I know Linux and OSX treat std::string differently than on Win.

Technically, they don't. std::string is the same everywhere.

What's different is what the terminal/console/Windowing system does with the string data you give it. *nix tends to treat char strings as UTF-8. Windows does not.

Again remember that std::string is unaware/agnostic of the encoding of the string data it contains. All it knows is it has an array of chars. And characters... at their core... are just numbers.

The I/O mechanism (like the terminal) is what needs to take that string of numbers and turn them into glyphs.

So yes, Linux and OSX's terminal treat string data differently than Windows' terminal does. But the actual std::string class itself is the same on all platforms.

To my recolection, std::string can handle chars past 255 correct? Where as Win doesn't and is recommended to std::wstring.

std::string is just an array of char's.
std::wstring is just an array of wchar_t's

On all the platforms mentioned... a char is 1 byte... which means 0xFF (255) is the highest value possible.

The thing to note with encodings like UTF-8 is that multiple chars can be joined together to form 1 glyph... depending on how the string data is interpreted.

So if you have a UTF-8 encoded string.. you can use a std::string to hold that data. Doing so will be portable no matter where you are.

The question is... if you give a UTF-8 string to something Windows-specific... does it recognize it as UTF-8? The answer is usually no... whereas on *nix, the answer is usually yes.


EDIT:

For your 'Glyph' struct that you are writing to a file... the encoding of the glyph does not matter here... since you are not giving it to an I/O device for it to interpretted. You are merely writing the binary data to a file so you can read it later. Therefore any format you choose does not matter and will be completely portable as long as it is consistent... and as long as it is capable of representing any codepoint.

Just, again... be wary of endian issues.

@Cubbi: If that were standardized behavior, it would be great. Though as far as I can tell, it's implementation defined.

Yes, I find it annoying that C++98 (and, really, C95 whose I/O model it inherited) allowed the OS vendor to decide which character encodings are supported.. or that Microsoft decided that it won't support UTF-8 in their OS (except where strictly required by C++11.. but then GNU decided that it won't support C++11's Unicode conversions.. just use boost)

Thanks Disch for the detailed explanation.

One question, since the OP is opening the file in binary mode, I would have thought that wofstream would not change the encoding.

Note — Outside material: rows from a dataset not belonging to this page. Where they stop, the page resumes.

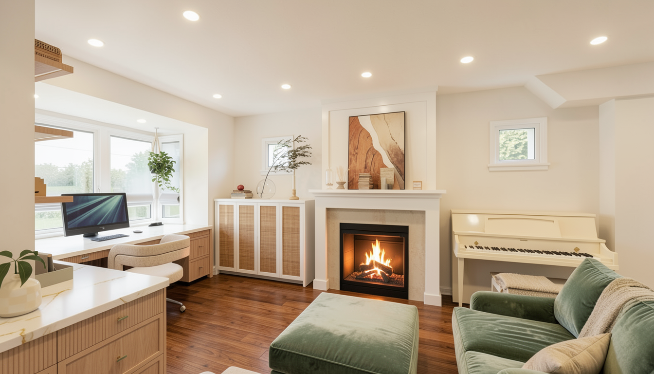 do not change model or replace furniture a cozy modern living room with a warm and inviting atmosphere the walls are a soft off white and the ceiling features recessed lighting with a gentle glow a large abstract painting with earthy tones embellishes the mantle above a white fireplace flickering with a vibrant orange and yellow flame on the right side a classic ivory piano adds elegance the hardwood floor is a rich oak brown while armchair and ottoman is upholstered in a soothing sage green velvet a lush green plant in a white pot hangs by the window enhancing the natural light filtering through accentuate this serene environment with touches of warm wood and soft textiles on the left side desk area countertop for the desk area is white with very subtle white marble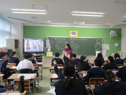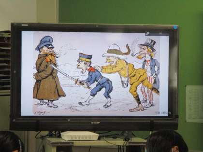 日露戦争当時の風刺画から,アジア(中国)に勢力を広げたいロシアと,それを阻みたいイギリス・アメリカの間で日本が戦争をしたことを確かめました。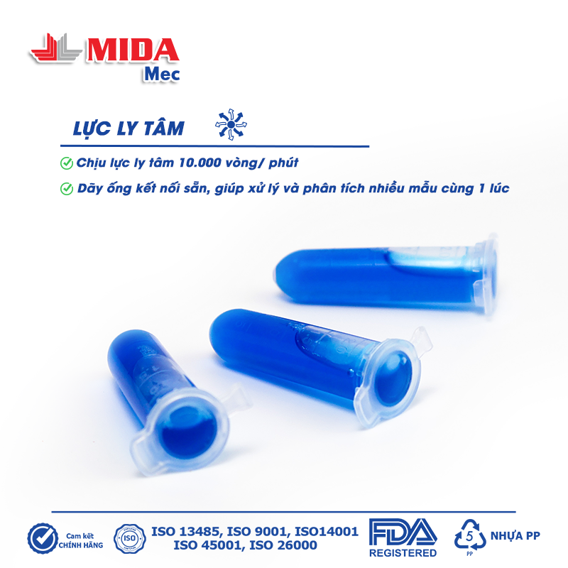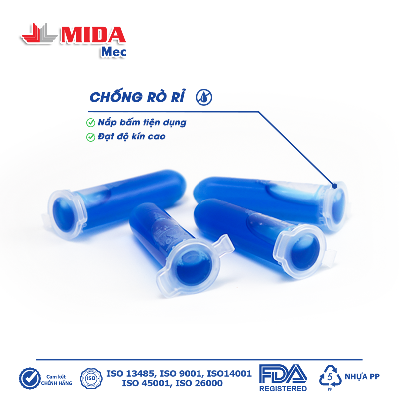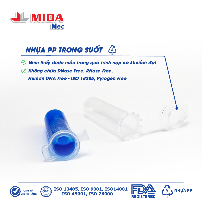 – Khuyến cáo: Ống nghiệm liền nắp Tuýp 2 ml MidaMec chỉ sử dụng 1 lần.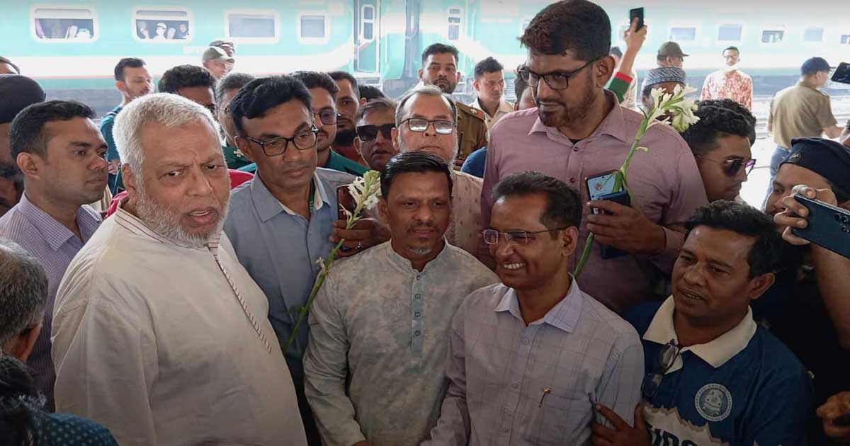 এ সময় ট্রেনের যাত্রীদের ফুল দিয়ে শুভেচ্ছা জানান রেলপথ উপদেষ্টা। এবং যাত্রীদের সঙ্গে তিনি কুশল বিনিময় করেন।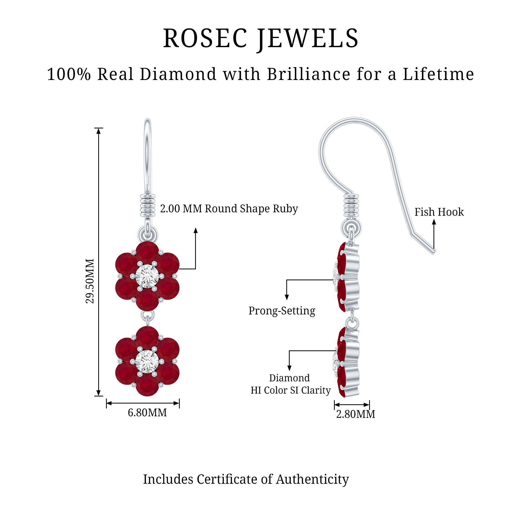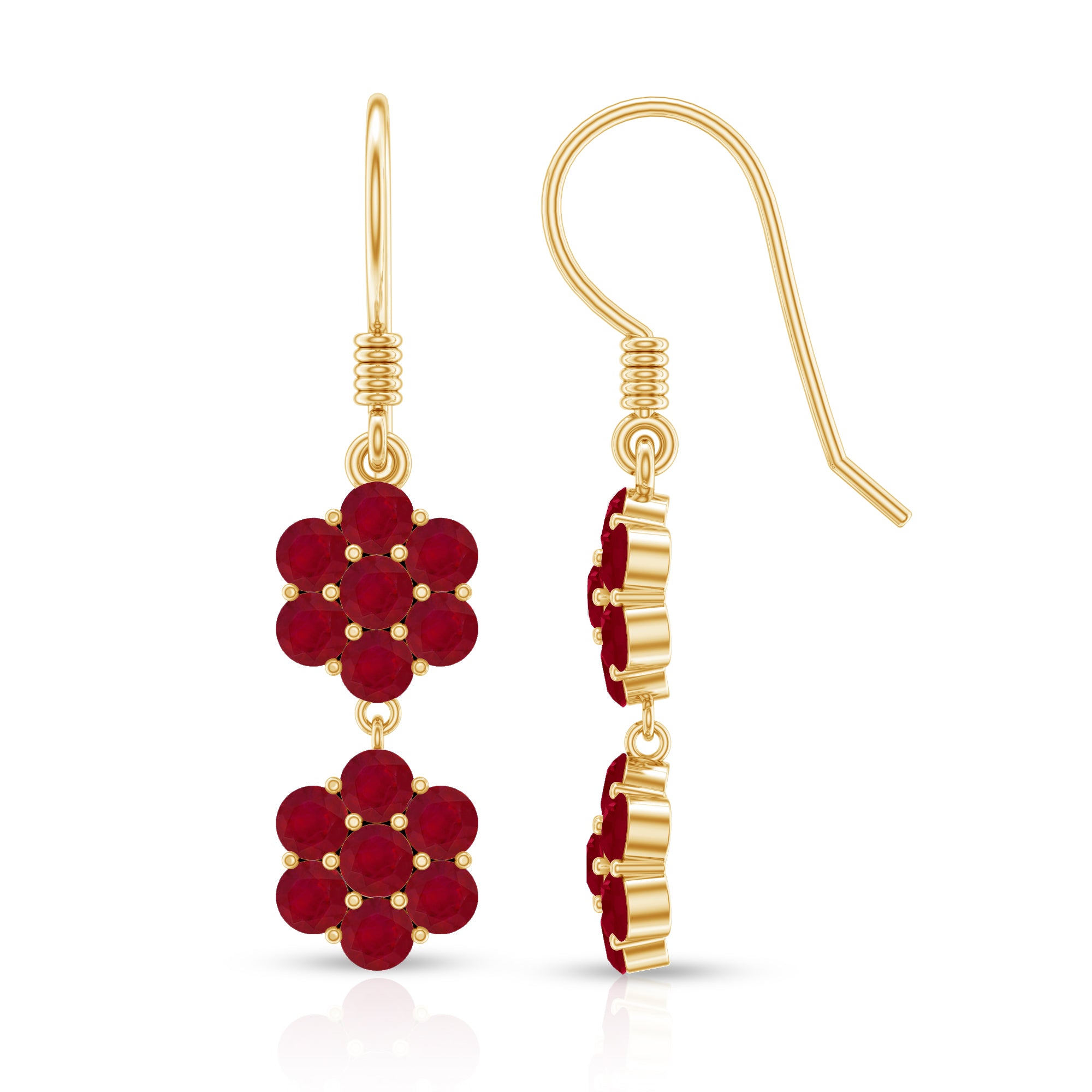 Twin Flower Dangle Earrings with Ruby and Moissanite

To the original poster, if you have to worry about portability then you need to worry about data alignment as well as endian-ness. At work, we write nearly all binary data using XDR encoding. It's old but fast, stable and well supported.

dhayden wrote:
I would have thought that wofstream would not change the encoding.

For every wchar_t that a wofstream takes from the programmer it writes one or more chars to the file. How would that function without "changing the encoding"?

I would just like to point out that the things everyone here is referring to as "glyphs" are actually closer to being characters. A glyph is an image used to represent a character visually.

@helios:

Yeah. I know it's not quite the right technical term. I just wanted to avoid the confusion of the association between a "character" and a char, which are two different things (since a character can consist of several chars).

For every wchar_t that a wofstream takes from the programmer it writes one or more chars to the file. How would that function without "changing the encoding"?

With an ofstream, the binary flag basically controls whether it's outputting characters or opaque bytes. I was wondering if wofstream did the same thing. From what you're saying, it sounds like binary just controls end-of-line encoding as it does with ofstream.

So really there's no good reason to use wofstream to write binary data, right?

The Unicode/UTF stuff is such a huge mess in C++, it makes you want to just give up. I'm still reluctant to touch it but I actually have to for one of my projects. I just wish it was better supported by C++ and by compiler/stdlib implementers.